**Try it:** For each line in the data below that has the word "propagować", copy that line.

**Available records:**
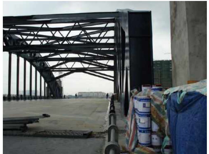
苏州悉尼大桥钢结构防腐 Steel structure anticorrosion of Xini Bridge in Suzhou
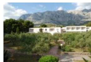
pawilony Elwira w otoczeniu zieleni
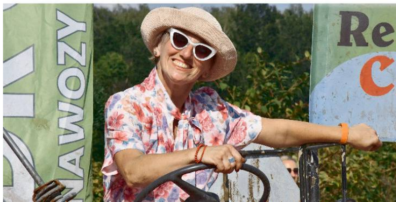
Takie inicjatywy warto propagować!

– Warto propagować takie inicjatywy, bo to nie tylko świetna zabawa, ale i promocja naszego regionu – podkreślał.
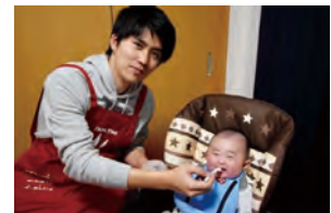
子どもが生まれた男性社員へ「パパエプロン」をプレゼント
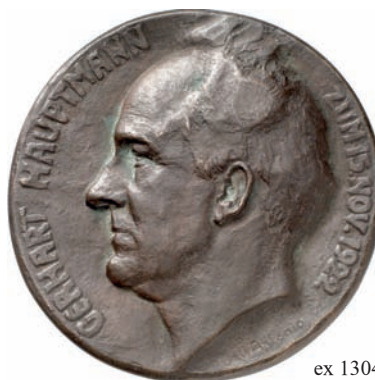
ex 1304 1:2
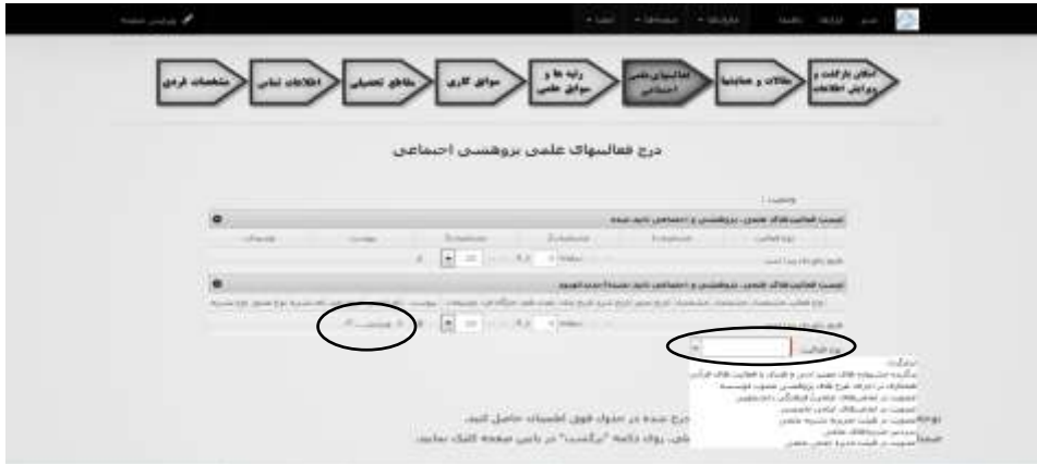
شکل ۷. مرحله درج فعالیت‌های علمی، پژوهشی و اجتماعی

در مرحله «درج فعالیت‌های علمی، پژوهشی و اجتماعی» مشخصات مربوط به فعالیت‌های خود را از جمله عضویت در انجمن‌های مختلف علمی و همکاری در طرح‌های پژوهشی و ... در سامانه ثبت کنید نحوه افزودن، ویرایش و حذف اطلاعات به طور کامل مشابه درج مقاطع تحصیلی است درج موارد جدید با استفاده از کشو باکس «نوع فعالیت» و ویرایش یا حذف موارد ثبت شده قبلی از طریق انتخاب سطر فعالیت مورد نظر و کلیک بر روی دکمه ویرایش یا حذف انجام می‌شود.
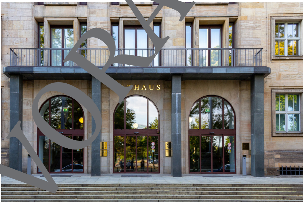
© Michael Persson/iStock Editorial/Getty Images Plus

Quelle: Bühl, Achim: Rassismus. Anatomie eines Machtverhältnisses . Marix Verlag, Wiesbaden 2016. S. 227.
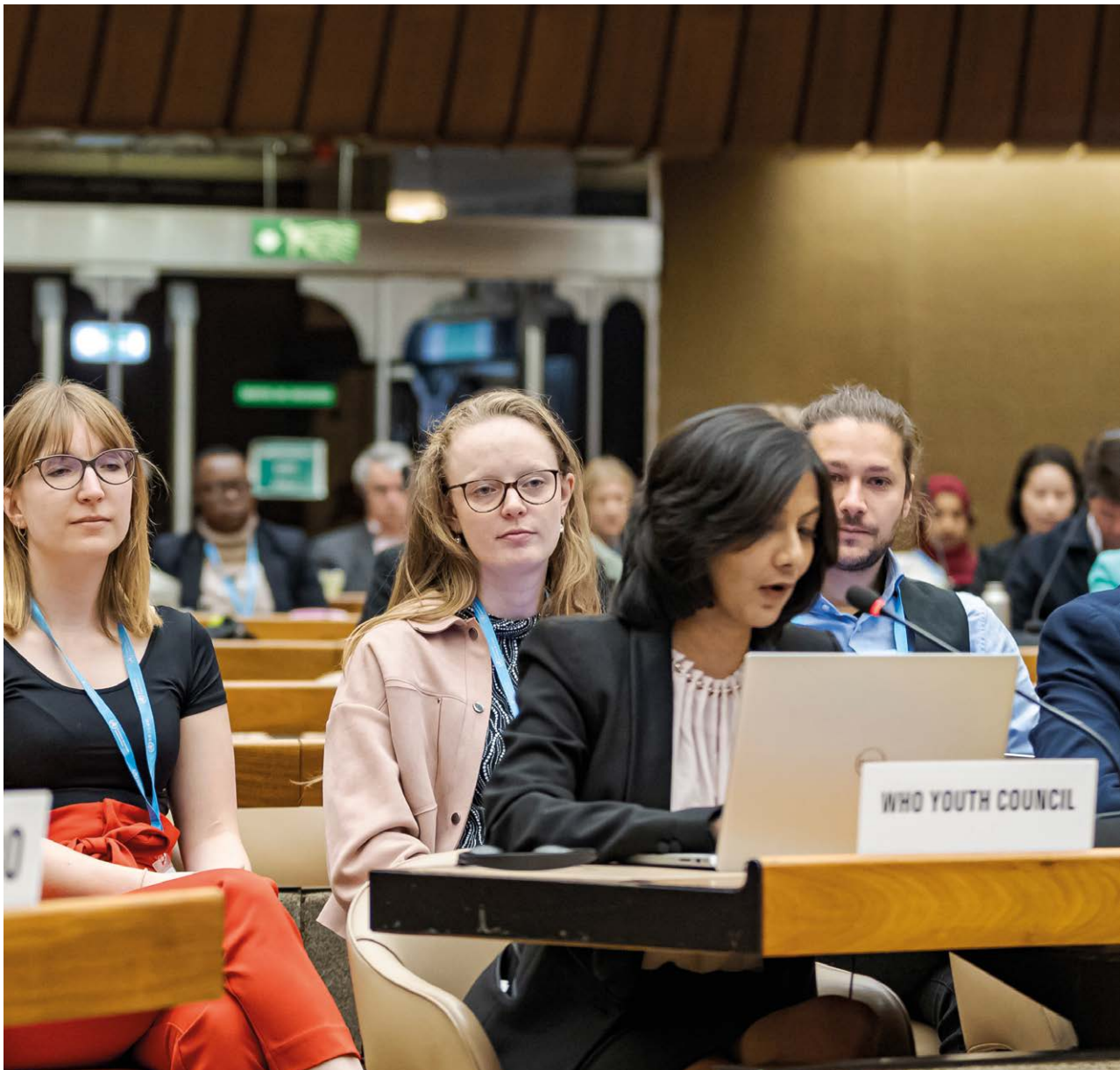
Soixante-dix-septième Assemblée mondiale de la santé, Genève, Suisse, 27 mai - 1er juin 2024. Table ronde stratégique « Changement climatique et santé : une vision globale pour une action commune » lors de la 77e Assemblée mondiale de la santé le 1er juin 2024 à Genève, Suisse, 2024 ©OMS / Antoine Tardy.
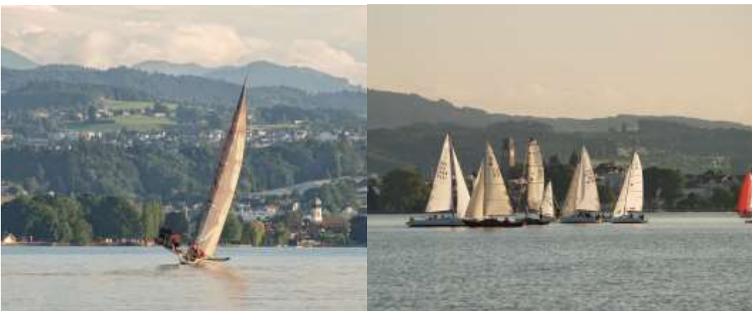
Die Krabelgruppe unterwegs zum nächsten Wind Feld. Während die J's die Esse der Pirat und BB17 bereits den Wind spüren. Das ganze ausserhalb des Regattageschehens.

ende seglerisch gute Bedingungen zu herrschen.
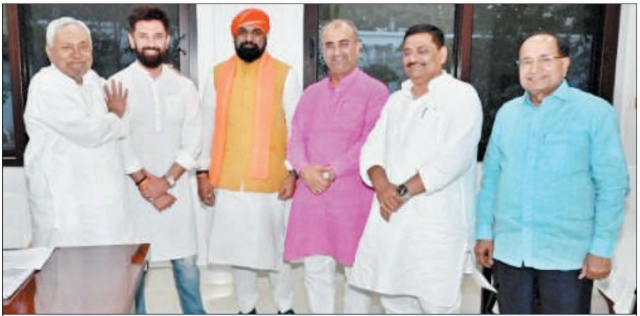
मुख्यमंत्री नीतीश कुमार से लोजपा रामविलास के राष्ट्रीय अध्यक्ष चिराग पासवान ने गुरुवार को मुलाकात की। मुलाकात के दौरान भाजपा के प्रदेश अध्यक्ष सम्राट चौधरी, स्वास्थ्य मंत्री मंगल पांडे, जदयू के राज्य सभा सांसद संजय झा व जदयू नेता संजय सर्राफ रहें मौजूद।
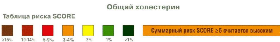
Таблица относительного риска
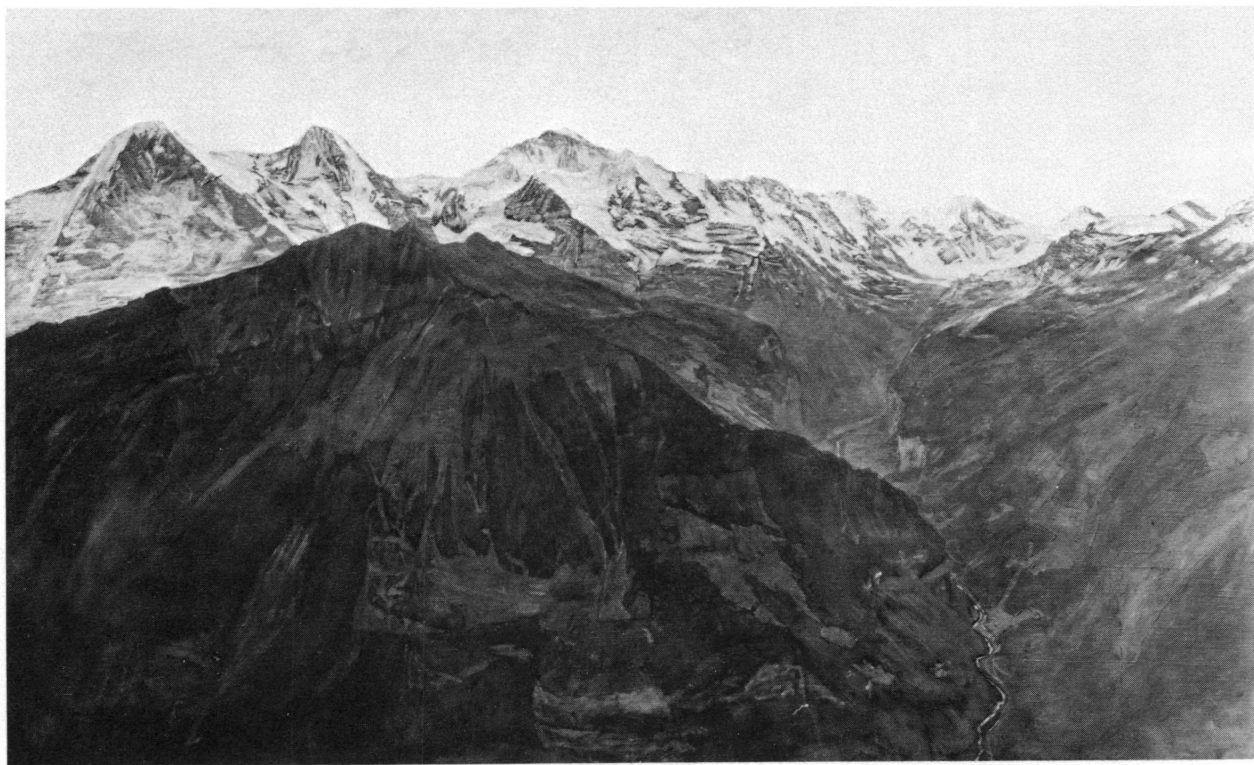
Figure 6. Gustave Jeanneret, Le premier rayon . Musée d'art et d'histoire, Genève.

FRANÇOIS DIDAY, alors âgé d'une vingtaine d'années, était peut-être des visiteurs de l'exposition de la Société des amis des arts de Genève à laquelle Maximilien de Meuron avait envoyé Le Grand Eiger . Il était un familier de Wolfgang-Adam Tœpffer, et, soit qu'il ait eu par le vieux maître des échos des écrits de Rodolphe Tœpffer, soit qu'il ait lu ceux-ci, sans doute n'a-t-il pas pu échapper au souffle du nouveau lyrisme qui

**Response area:**
Takie inicjatywy warto propagować!
– Warto propagować takie inicjatywy, bo to nie tylko świetna zabawa, ale i promocja naszego regionu – podkreślał.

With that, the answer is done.